Pedro and Jaime reunite at Mirtha's house, collect Jair and return home. Inspecting the property, Jaime finds the possessed Eduardo, who admits to killing and eating the original Cleaner four days before. He did the same thing to his own mother and alludes that Sara suffered a similar fate. Inside, Pedro feeds Jair ice cream. However, Jair chokes, and proceeds to cough up Sara's hair and necklace. Pedro walks outside, collapses, and wails.

==Cast==
- Ezequiel Rodríguez as Pedro Yazurlo
- Demián Salomon as Jaime "Jimi" Yazurlo, Pedro's younger brother
- Silvina Sabater as Mirtha
- Luis Ziembrowski as Armando Ruiz
- Marcelo Michinaux as Santino Yazurlo, Pedro's son
- Emilio Vodanovich as Jair Yazurlo, Pedro's son
- Virginia Garófalo	as Sabrina, Pedro's ex-wife
- Paula Rubinsztein	as Sara
- Lucrecia Nirón Talazac as Vicky
- Isabel Quinteros as María Elena Gómez
- Desirée Salgueiro as Jimena Ruiz
- Federico Liss as Leonardo "Leo"

==Production==
In 2021, the screenplay for When Evil Lurks won the Runner Up Prize at the Sitges Pitchbox, an international pitch event hosted by Filmarket Hub and the 56th Sitges Film Festival.

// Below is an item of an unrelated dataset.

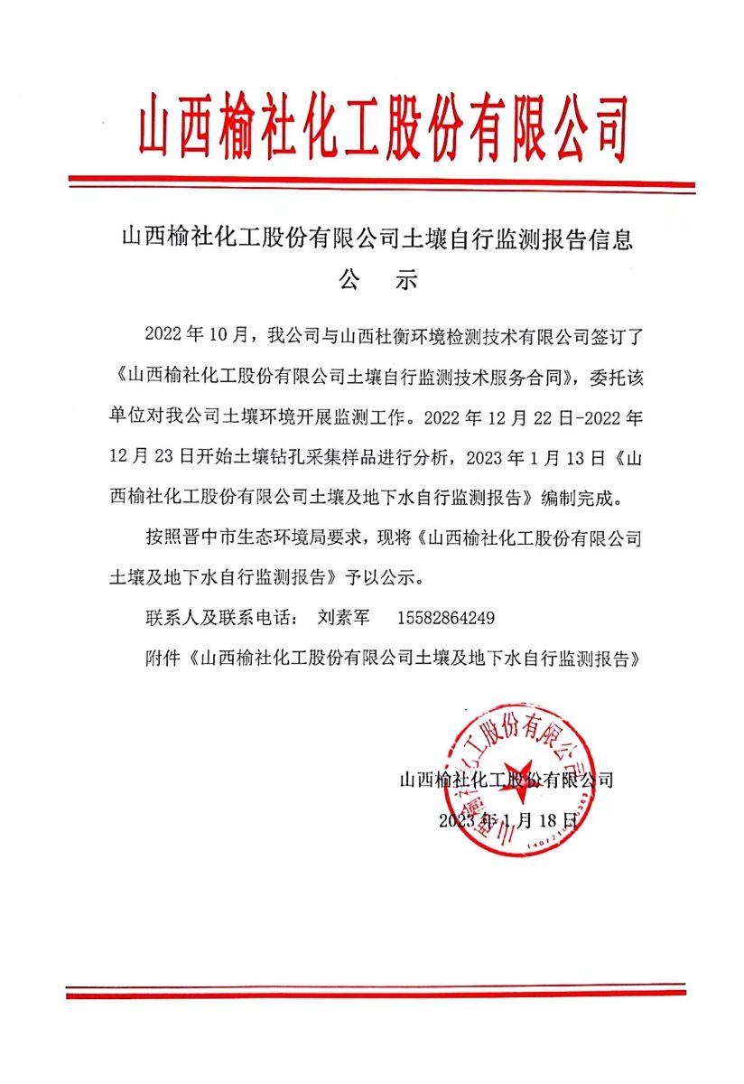 榆社化工土壤和地下水自行監(jiān)測2022年報告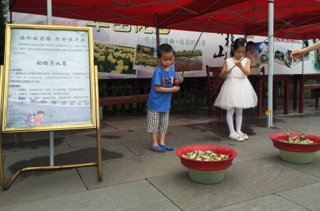 2015年端午节,会稽山景区祭禹广场活动可谓精彩缤纷,除举办端午主打特色活动——“礼舞怀古人,敬香祈福康”祭舞表演外,还推出了贴图腾、钓粽子比赛、微信端午答题等游客参与性极强的活动,受到现场游客朋友们的一致好评。

When Evil Lurks is produced by Shudder and La Puerta Roja, the latter a joint venture partnership between the Argentine-based Aramos Cine and Machaco Films. It is Shudder's first Spanish-language production. Filming took place in 2022.

==Release==
During the film's post-production, an early market screening was held for the film at Ventana Sur in Puerto Madero, Buenos Aires, where it won the Blood Window Screenings Award.

The film premiered at the Toronto International Film Festival (TIFF) on September 13, 2023 as part of the festival's "Midnight Madness" section. Paris-based company Charades managed international sales for the film at the festival.

The film was theatrically released by IFC Films on October 6, followed by a release on the Shudder streaming service on October 27.

== Reception ==
 Metacritic, which uses a weighted average, assigned the film a score of 75 out of 100, based on 14 critics, indicating "generally favorable" reviews.

===Accolades===

Award: Date of ceremony; Category; Recipient(s); Result; Ref.
Sitges Film Festival: October 14, 2023; Best Feature Film; When Evil Lurks; Won
Blood Window Award for Best Feature Film: Won
Festival international du film fantastique de Gérardmer: February 2, 2024; Critics' Prize; Won
Audience Award: Won
Critics' Choice Super Awards: April 4, 2024; Best Horror Movie; Nominated
Platino Awards: April 20, 2024; Best Sound; Pablo Isola; Nominated

== Themes ==
In contemporary film studies, the narrative architecture of the feature film has been categorized as a complex socio-environmental allegory of the Argentine interior. Scholarly analyses interpret the grotesque physical manifestations of the "infected" bodies within the plot as a critical somatic metaphor for public health crises and structural violence, drawing parallels to real-world toxic exposure and state abandonment in rural agricultural communities. Furthermore, critical discourse studies from the Universidad de Salamanca categorize the production as a strategic intersection of folk horror and gore aesthetics; here, the characters' lack of logical or ideological lucidity functions textually to symbolize systemic poverty, institutional decay, and structural vulnerability within contemporary Latin American cinema.